Use `np.diff` but assume the input starts with an extra zero

Question

Given a series of event times v, I can create their interval durations using np.diff(v). Is there a way to have np.diff assume the series starts with an implicit 0., so that it produces an array that has the same length as v?

A manual workaround is:

def diff_from_zero(v):
    return np.diff(np.hstack(([0.], v)))

Is there a way to use diff or another function to have the same result?

Answer 1

As of 2019, np.diff has the arguments prepend and append that can add a certain value to the array before differentiation.
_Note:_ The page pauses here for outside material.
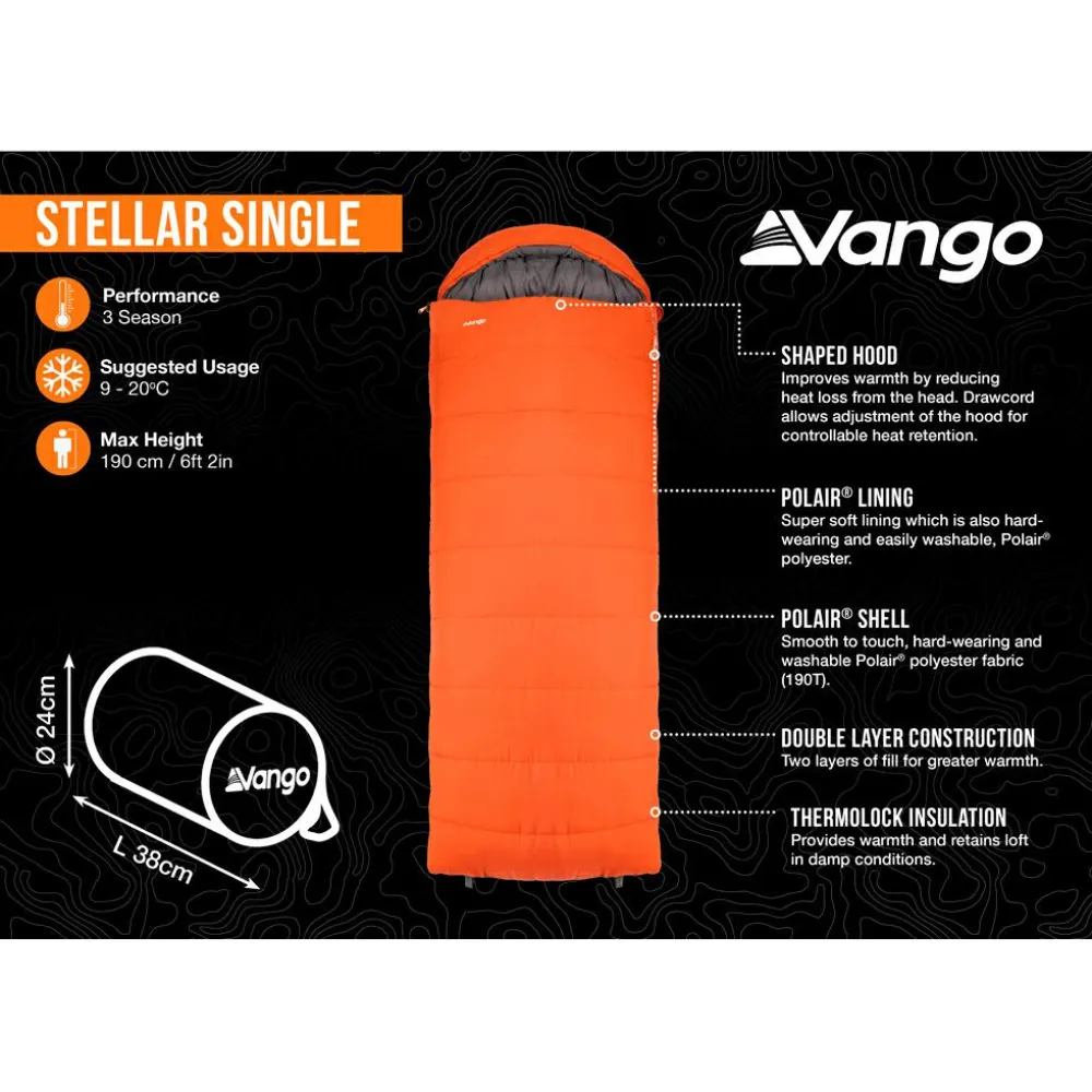Der Stellar Single-Deckenschlafsack von Vango bietet Dir höchsten Komfort und Wärme bei jedem Outdoor-Abenteuer. Entwickelt für Abenteurer oder alle, die mehr Platz benötigen, ist dieser Schlafsack mit einer hochwertigen Kunstfaser-Füllung ausgestattet, die für überragende Haltbarkeit, Wärme und ein leichtes Tragegefühl sorgt. Das glatte, strapazierfähige Polair-Shell und das superweiche Polair-Polyester-Futter sorgen für eine kuschelige Nachtruhe.

See the docs

This would append the first value to the array, hence the diff operation would return something of len(t) that starts with 0.

>>> t = np.array([1.1, 2.0, 4.5, 4.9, 5.2])
>>> np.diff(t, prepend=t[0])
array([0. , 0.9, 2.5, 0.4, 0.3])

The prepend argument can take other values.

Answer 2

Given for example:

t = np.array([1.1, 2.0, 4.5, 4.9, 5.2])

We want to compute the consecutive differences in t, including the diff from 0. to the first element in t.

The question gave this way of accomplishing this:

>>> np.diff(np.hstack((0, t)))

And it could be this too:

>>> np.hstack((t[0], np.diff(t)))

But the obscurely-named function ediff1d can do it in one function call:

>>> np.ediff1d(t, to_begin=t[0])
array([ 1.1,  0.9,  2.5,  0.4,  0.3])

Prepending t[0] to the result is the same as computing the difference t[0] - 0., of course. (Assuming t is nonempty).

---

Timings (not the motivation of the question, but I was curious)

import numpy as np
t = np.random.randn(10000)
%timeit np.diff(np.concatenate(([0], t)))
10000 loops, best of 3: 23.1 µs per loop
%timeit np.diff(np.hstack((0, t)))
10000 loops, best of 3: 31.2 µs per loop
%timeit np.ediff1d(t, to_begin=t[0])
10000 loops, best of 3: 92 µs per loop